#### Exercise materials ####

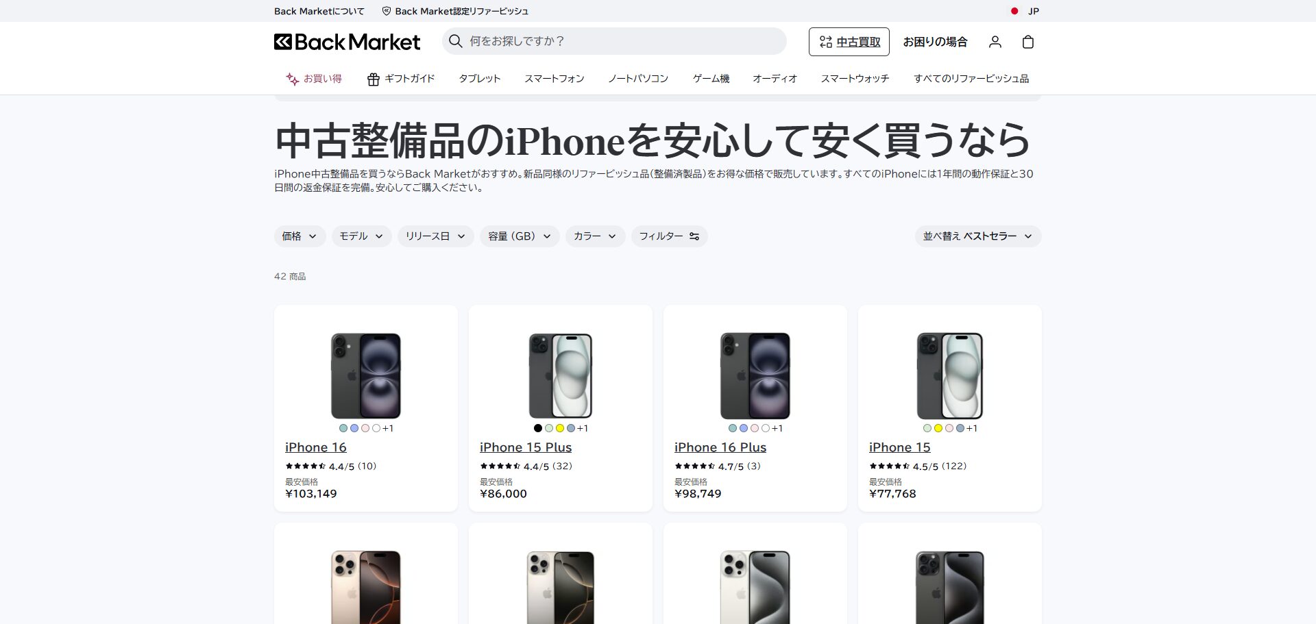 URLの確認(“https://www.backmarket.co.jp/ja-jp”からはじまるものが正しいです)はもちろん、価格が変に安すぎないか等、とくに検索から訪問するときは慎重になりましょう。
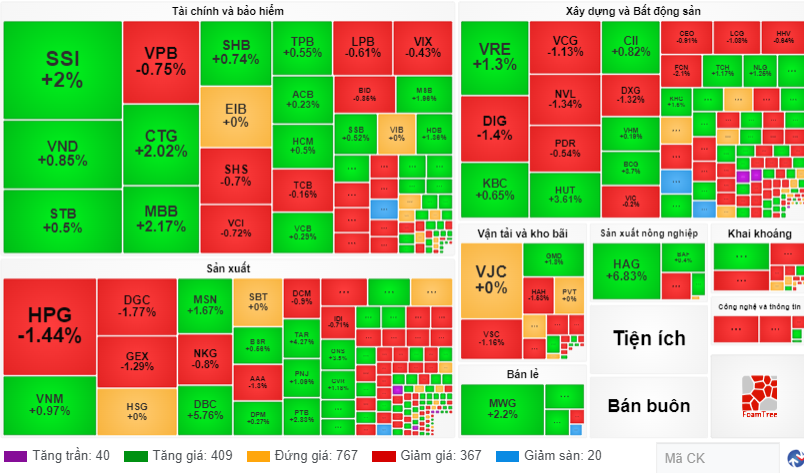 Ngoài bất động sản thì cũng không có nhóm cổ phiếu nào giảm điểm quá đáng kể. Sắc đỏ chủ yếu đến từ các cổ phiếu riêng lẻ như AAA (-1.30%), GEX (-1.29%) hay VCG (-1.13%).
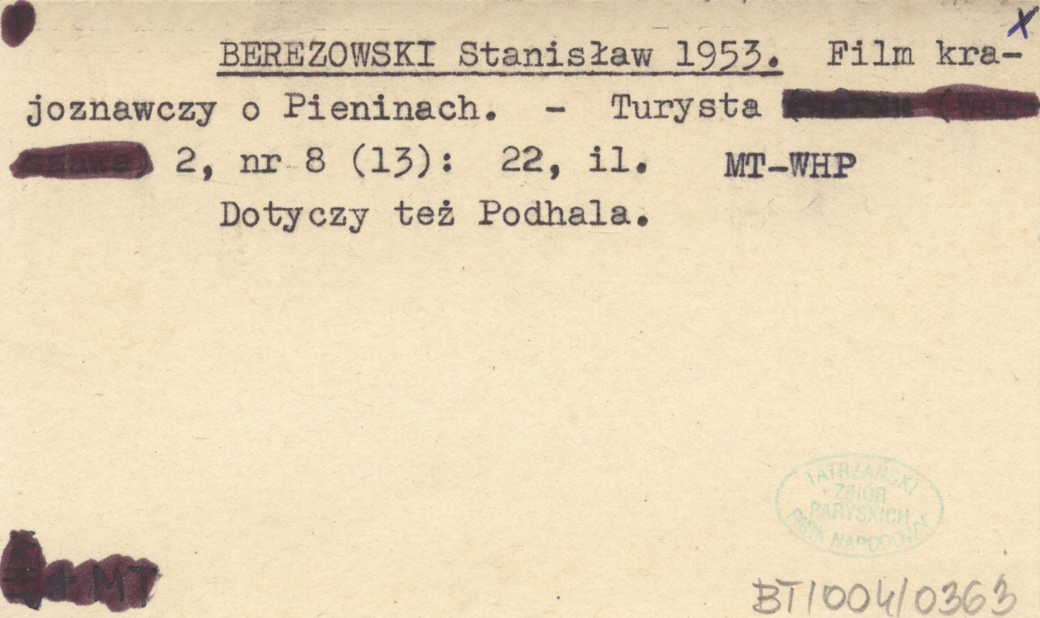 BEREZOWSKI Stanisław 1953 Film krajoznawczy o Pieninach.
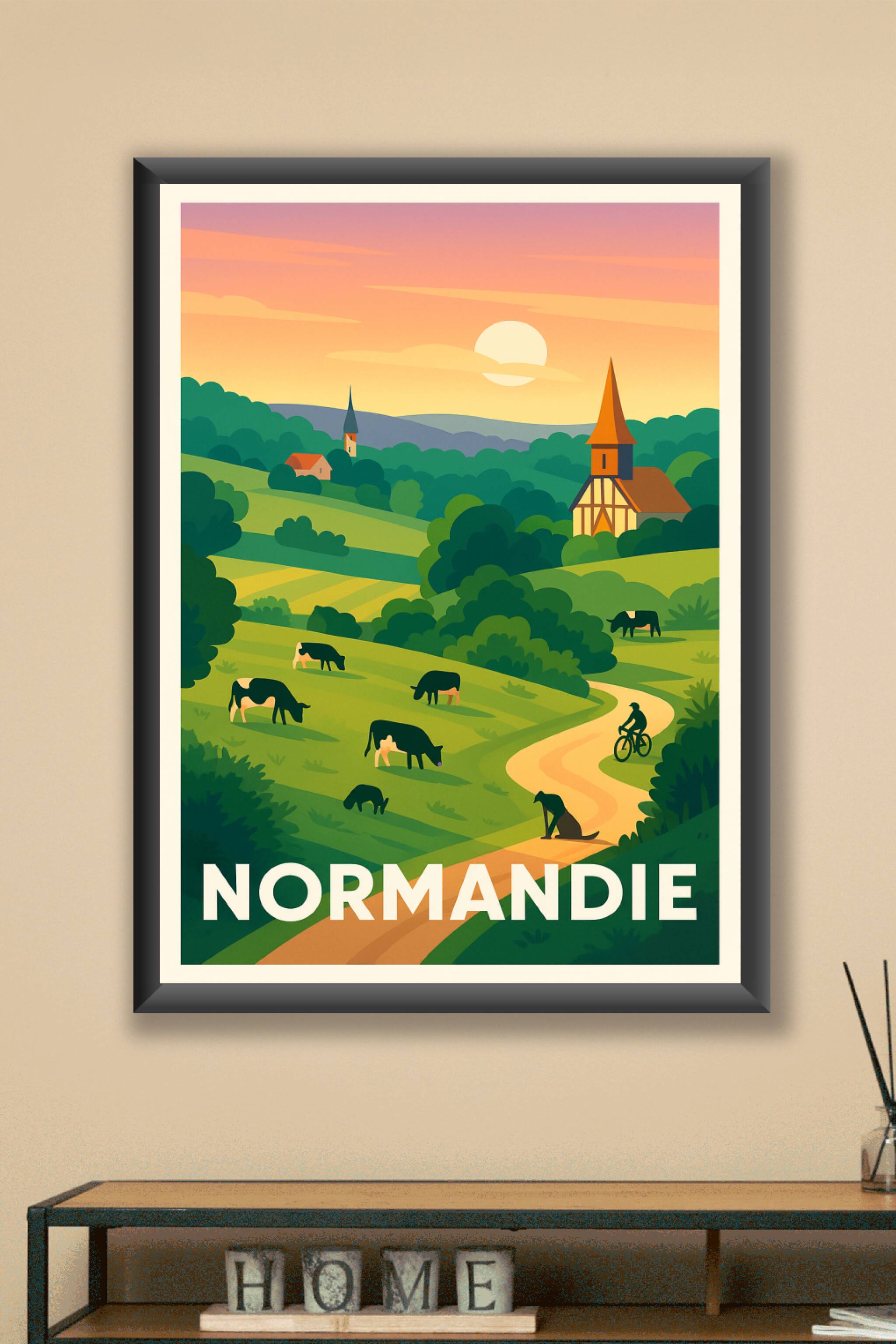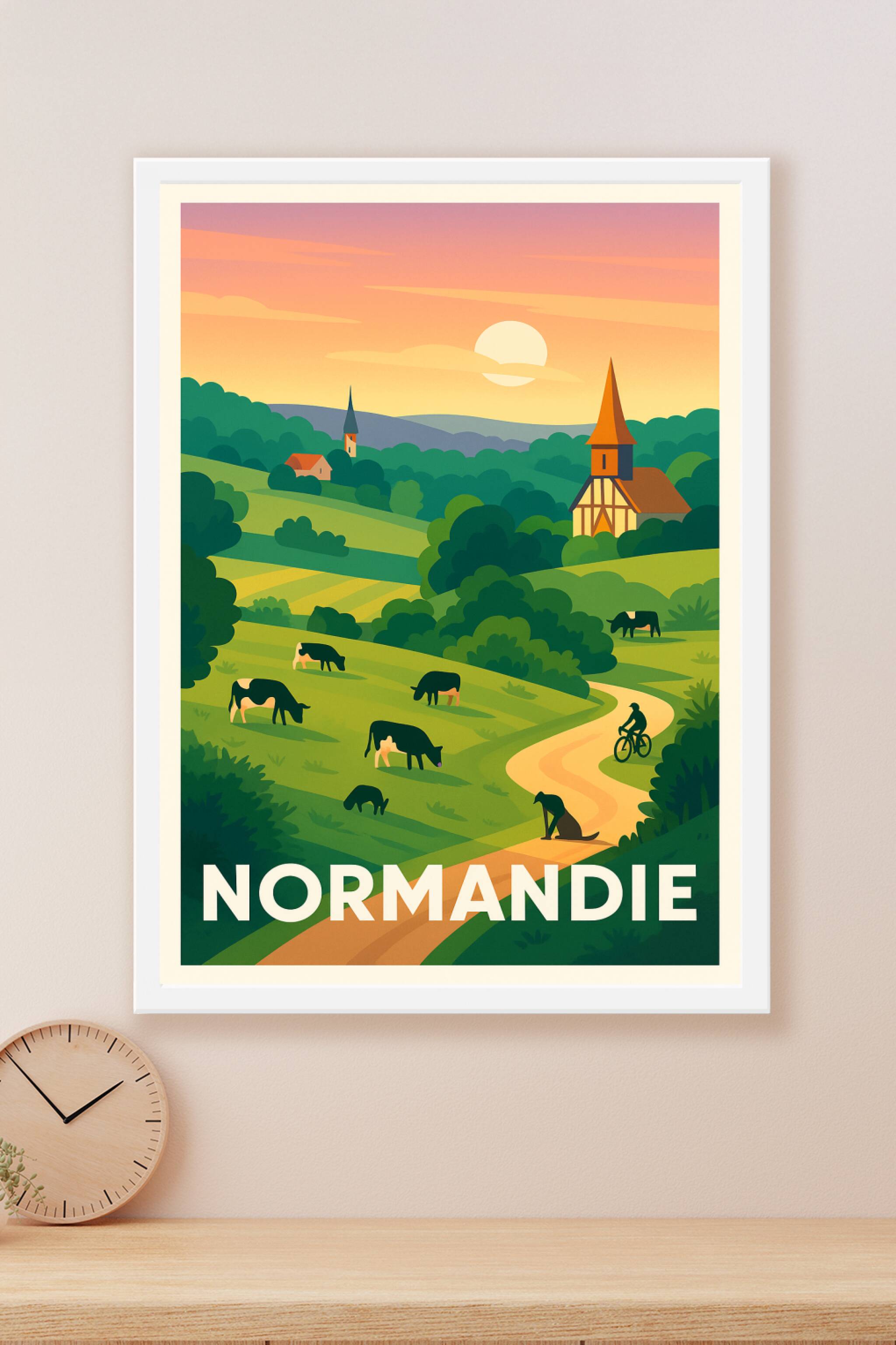 Découvrez la douceur de vivre normande avec cette affiche illustrée représentant un paysage rural paisible au coucher du soleil, où vaches, chemins...
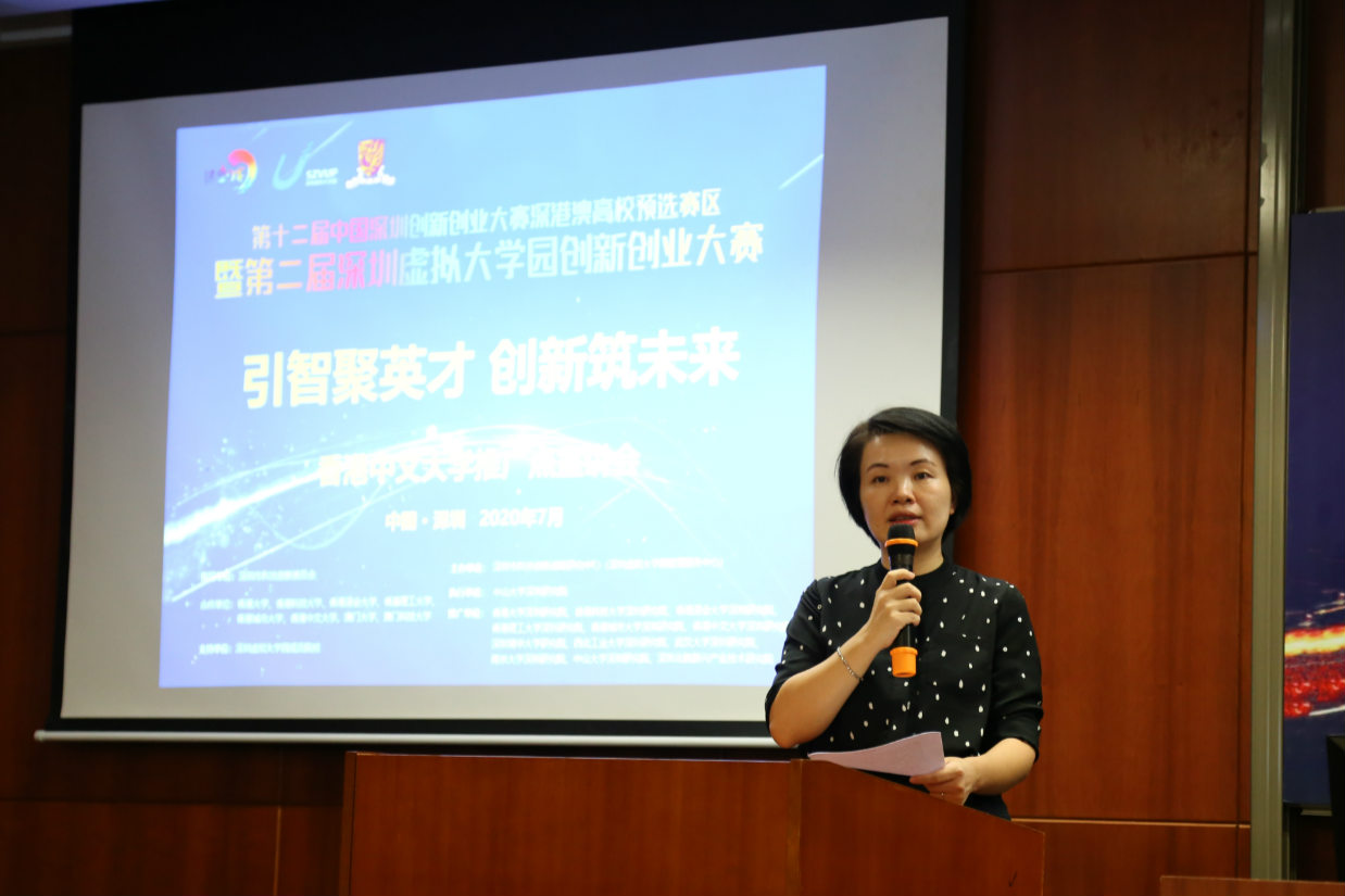 借此机会,也邀请到深圳市科技创新战略研究中心副主任陈蓉博士为创业团队和代表介绍了深圳虚拟大学园20年来的发展成果,并分享了主办深港澳高校预选赛的契机。陈主任也鼓励创业者把握深圳创新创业的独特优势,通过参加深港澳高校预选赛开启在深圳创业的第一步。

####

== Task statement ==
Repeat the lines above precisely and skip every picture.

== Answer for the task ==
 URLの確認(“https://www.backmarket.co.jp/ja-jp”からはじまるものが正しいです)はもちろん、価格が変に安すぎないか等、とくに検索から訪問するときは慎重になりましょう。
 Ngoài bất động sản thì cũng không có nhóm cổ phiếu nào giảm điểm quá đáng kể. Sắc đỏ chủ yếu đến từ các cổ phiếu riêng lẻ như AAA (-1.30%), GEX (-1.29%) hay VCG (-1.13%).
 BEREZOWSKI Stanisław 1953 Film krajoznawczy o Pieninach.
 Découvrez la douceur de vivre normande avec cette affiche illustrée représentant un paysage rural paisible au coucher du soleil, où vaches, chemins...
 借此机会,也邀请到深圳市科技创新战略研究中心副主任陈蓉博士为创业团队和代表介绍了深圳虚拟大学园20年来的发展成果,并分享了主办深港澳高校预选赛的契机。陈主任也鼓励创业者把握深圳创新创业的独特优势,通过参加深港澳高校预选赛开启在深圳创业的第一步。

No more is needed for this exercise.